Bonuses Paid Coal Executives While Rank-and-File Gets Health Benefits Cut

Posted

coal miningCorporate bankruptcies are painful for companies, especially the laborers who may lose jobs or have their heath and pension benefits cut. That's especially true in the coal industry, which has been seeing a decline in the demand for its product but a greater demand that it pay up for the environmental scars it has left behind.

When companies restructure through Chapter 11 of the federal bankruptcy code, they have to make some difficult choices so that they can perhaps emerge as stronger but as much more defined and smaller entities. In the coal sector Peabody Energy is doing that right now. Alpha Natural Resources started the process last summer -- as have dozens of others. But what makes these two cases so compelling is that they are paying millions in bonuses to their executives so that they can make the hard decisions to keep the company ultimately afloat. Otherwise, they would just quit.

Last week, a federal judge gave Peabody the Okay to do just that. A different federal judge previously ruled Alpha could do the same. Sound unfair?
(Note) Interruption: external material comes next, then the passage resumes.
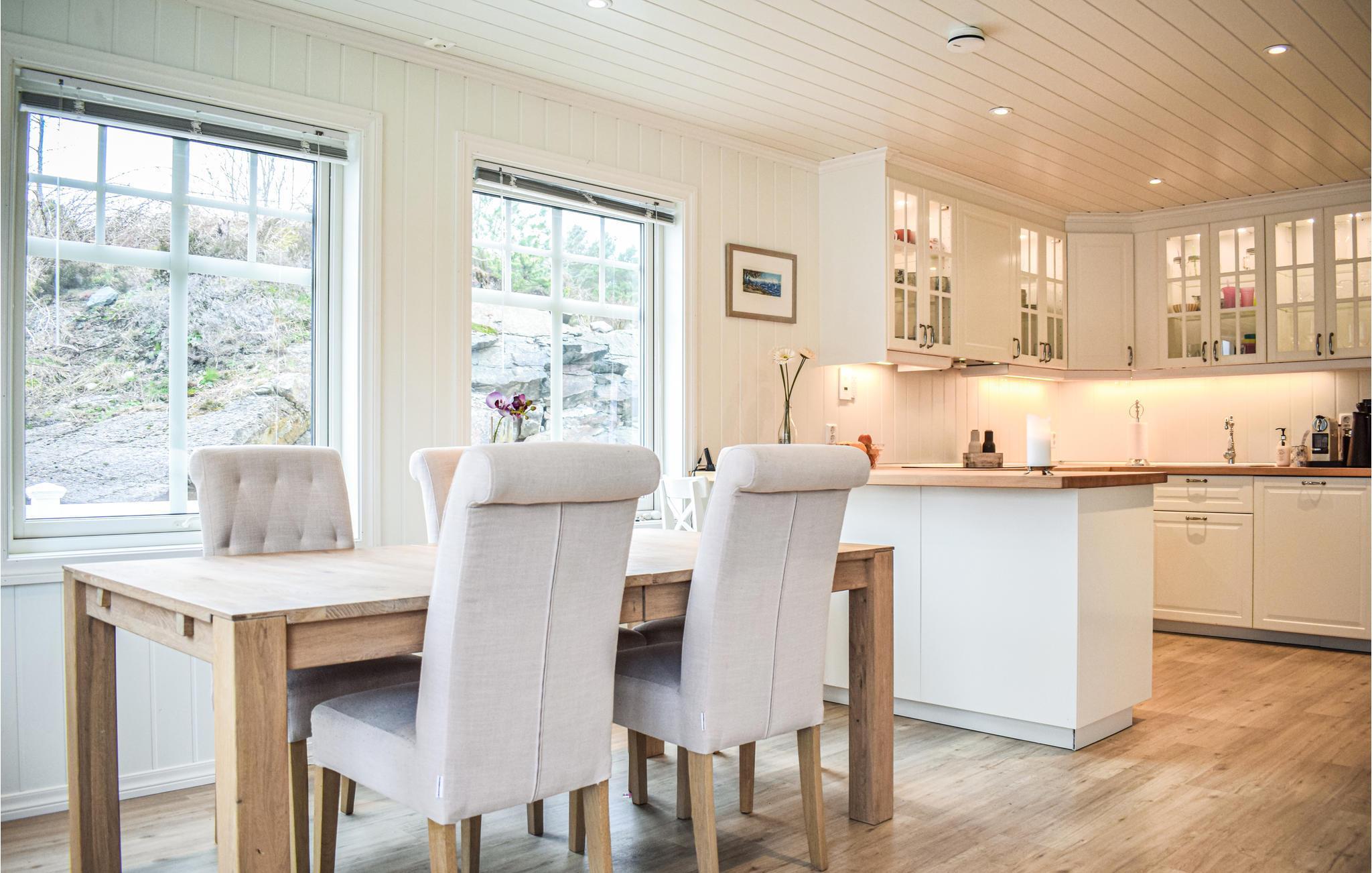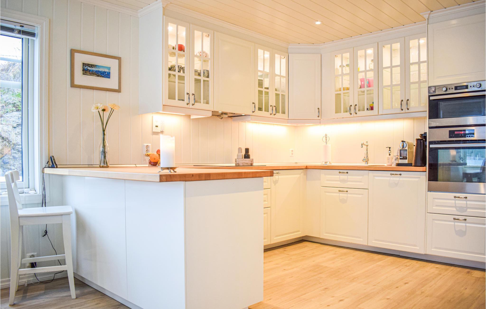 Et hyggeligt møbleret feriehus beliggende lige ved strandpromenaden i Mosterhamn. På den store terrasse kan du nyde dejlige sommerdage med smuk udsigt over skærene. Der er en levende væg mod huset ved siden af, så terrassen er afskærmet. Lige foran huset finder du dejlige svømmemuligheder med sandbund, perfekt til varme og dejlige sommerdage. Her er det også sjovt at prøve lykken ved fiskeri, og der er flere gode steder lige uden for døren.

“Slashing the health benefits of aged and medically vulnerable retirees with extremely limited resources, while lavishly rewarding white-collar employees, is neither fair nor reasonable,” writes the United Mine Workers, in court documents, in the Peabody case.

Peabody, which filed for bankruptcy in April, is asking for permission to pay out $3.24 million in bonuses to 42 people, reports the St. Louis Post-Dispatch. The paper also says that St. Louis-based Peabody already cut retiree health funds by $70 million before filing for bankruptcy. Peabody said that the purpose of the bonuses is to keep employees up-and-down the corporate ladder so that when the company re-emerges, it will be able to move forward.

As for Alpha, it asked for and it has received permission to pay out nearly $12 million to 15 executives. The Virginia-based company filed for bankruptcy in August 2015, a victim of what it has said is changing market conditions combined with a strict regulatory environment. It has been losing money since 2010 and last year, it lost hundreds of millions.

The executives, who are already paid well and who might not otherwise find work if they were laid off, must keep the company from bleeding cash — a decision with which the bankruptcy judge has agreed. To do so, they must sell assets and cut expenses, which has included ridding the company of a portion of the life and health benefits for 4,580 non-union miners and their families. The company also plans to remove 6,670 current miners from its retirement plan.

“The performance goals for the cost savings and ending book cash metrics relate to specific dollar amounts that must be achieved,” Alpha’s Assistant Secretary William Phillips said in a January 29th filing with the U.S. Securities and Exchange Commission. “The performance targets will be adjusted to reflect the effects of asset sales, financing-related transactions and certain other events to neutralize their impact.”

The problems ailing both Peabody and Alpha are the same ones now taking place coal sector: cheap natural gas, stricter air quality laws and thinning coal seams in Central Appalachia. In 2015, Arch Coal, Walter Energy and Patriot Coal also declared bankruptcy.